**Problem description**
Only one span is wanted from the lines below: from the one with "Ιερός Ναός Κοιμήσεως" up to and including the one with "精密器械创新 带动产业发展". Copy it exactly, without images.

•••

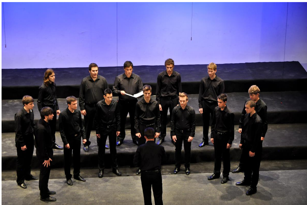
Slika 11: Fantovska vokalna zasedba FaVoZa

Vokalno zasedbo sestavlja 25 fantov, ki se na vajah srečujejo dvakrat tedensko za dve šolski uri. Občasno vaje potekajo tudi med vikendi, ko se dela nekoliko hitreje in intenzivneje. Skupaj z Dekliškim pevskim zborom se fantje vsaj enkrat letno odpravijo na intenzivne vaje kam izven Celja, kjer pripravljajo program za koncerte in temovanja. Prav tako kot dekleta tudi fantje na tekmovnih dosegajo odlične rezultate.
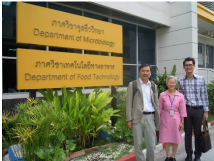
理学部食品工学科の新設棟

●学部学生 約25,000人 ●大学院生 約12,000人 ●教職員 約8,100人 ホームページ http://www.chula.ac.th 交流協定締結年月日：2010年2月1日 主管学部：農学部
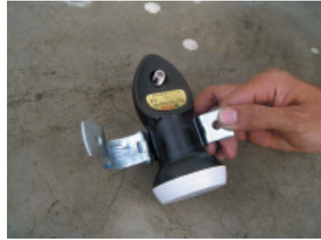
11. นำขาจับมาใส่กับตัว LNB
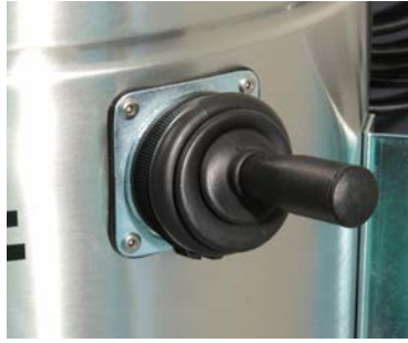
Secoueur de filtre (vue externe)
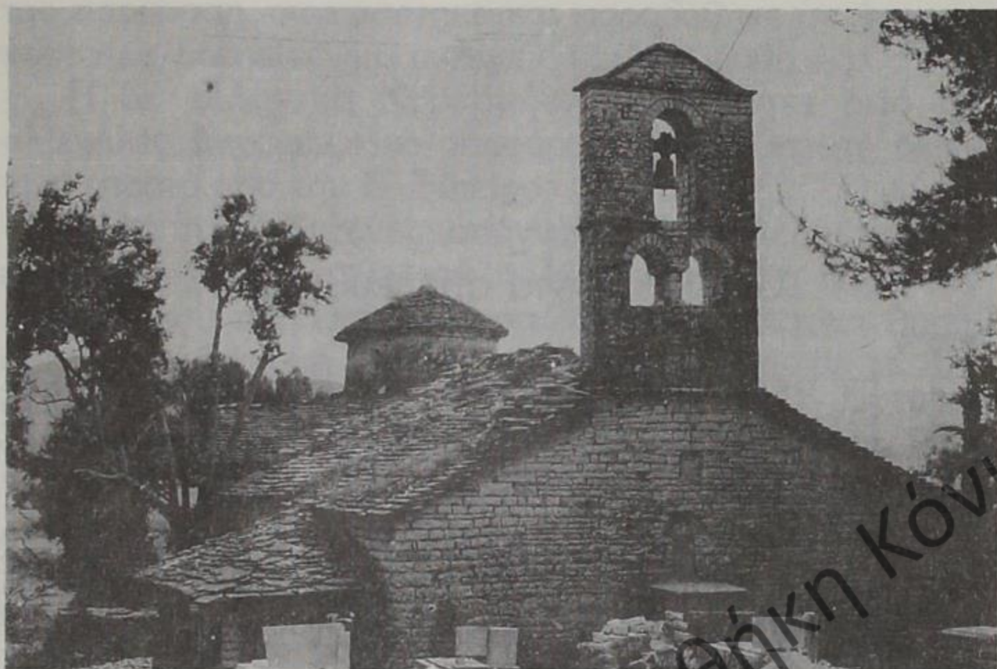
Ιερός Ναός Κοιμήσεως Θεοτόκου Ζερβάτι - Δροπολής

Ηπείρου, τον Ευάγγελο Ζάππα, τον Απόστολο Αρσάκη, τον Χρηστάκη Ζωγράφο και άλλους ευεργέτες, που μαρτυρούν την αλώβητη ελληνική συνείδησή τους σε όποιο σημείο της υψηλίου κι αν έζησαν.
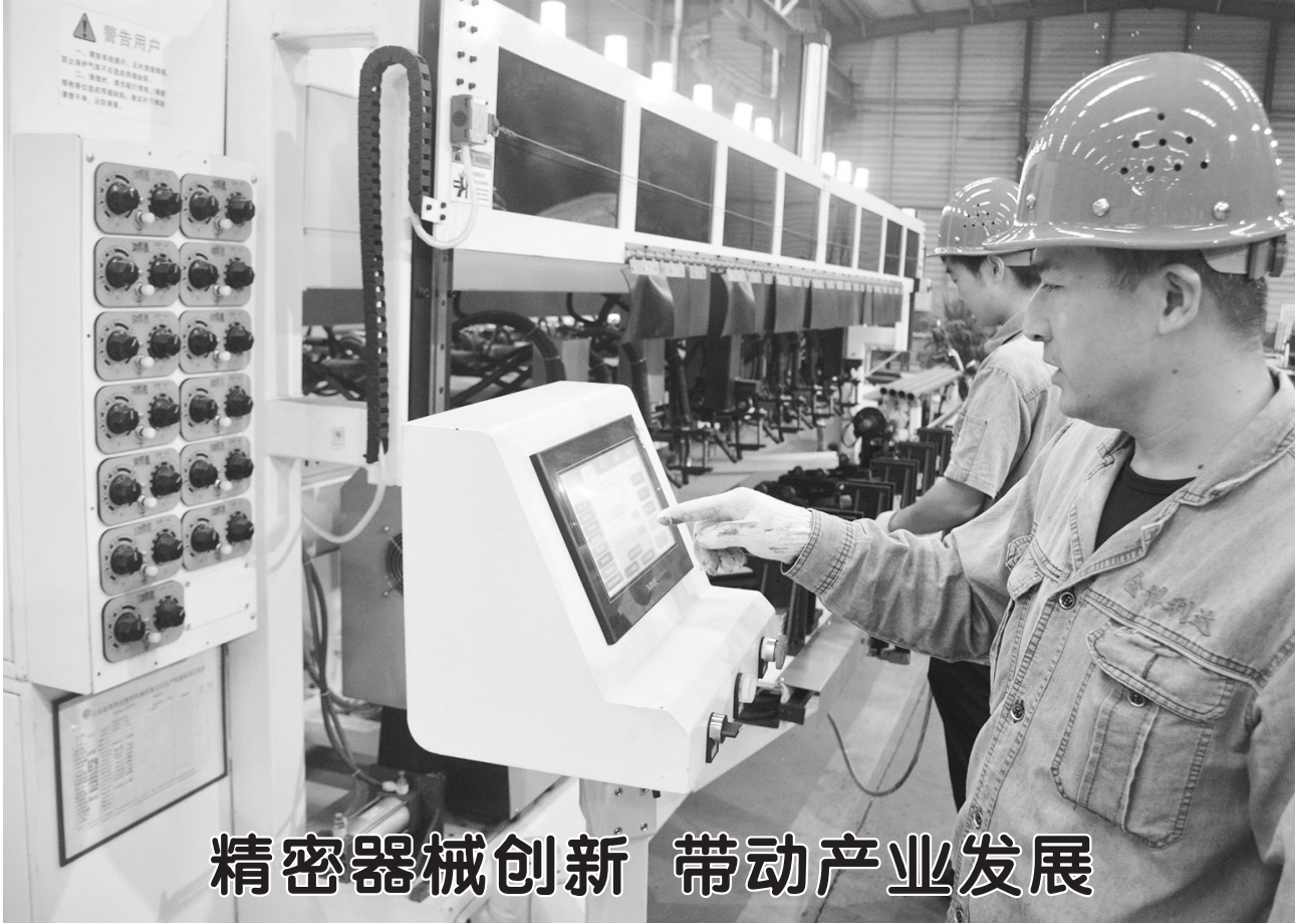
精密器械创新 带动产业发展

“希望之家”生活重建康复训练培训班由菏泽市医专附院承办,进行为期20天的集中封闭式培训训练,培训期间学员食宿费、课程内的训练费等均由主办方承担。培训期间由康复医师、康复治疗师、社会工作者、心理治疗师、生活训练员、辅具工程师、社会志愿者组成服务团队,采取机构训练与社会训练相结合、专业指导与伤友互动相结合、改善生活自理能力与社会参与能力相结合等方式,从生理功能、体能状况等方面对伤友进行评估,依据主要功能障碍和个性化特点,进行日常生活自理能力训练、残存肌力训练、社会适应能力训练、脊髓损伤相关理论课程培训、心理团体课程、无障碍知识、轮椅操控等。有意向报名者向户籍所在地残联报名,报名时间截止10月10日,按照报名先后顺序录取。相关咨询电话:0530-7706718。

•••

**Answer to this problem**
Ιερός Ναός Κοιμήσεως Θεοτόκου Ζερβάτι - Δροπολής

Ηπείρου, τον Ευάγγελο Ζάππα, τον Απόστολο Αρσάκη, τον Χρηστάκη Ζωγράφο και άλλους ευεργέτες, που μαρτυρούν την αλώβητη ελληνική συνείδησή τους σε όποιο σημείο της υψηλίου κι αν έζησαν.
精密器械创新 带动产业发展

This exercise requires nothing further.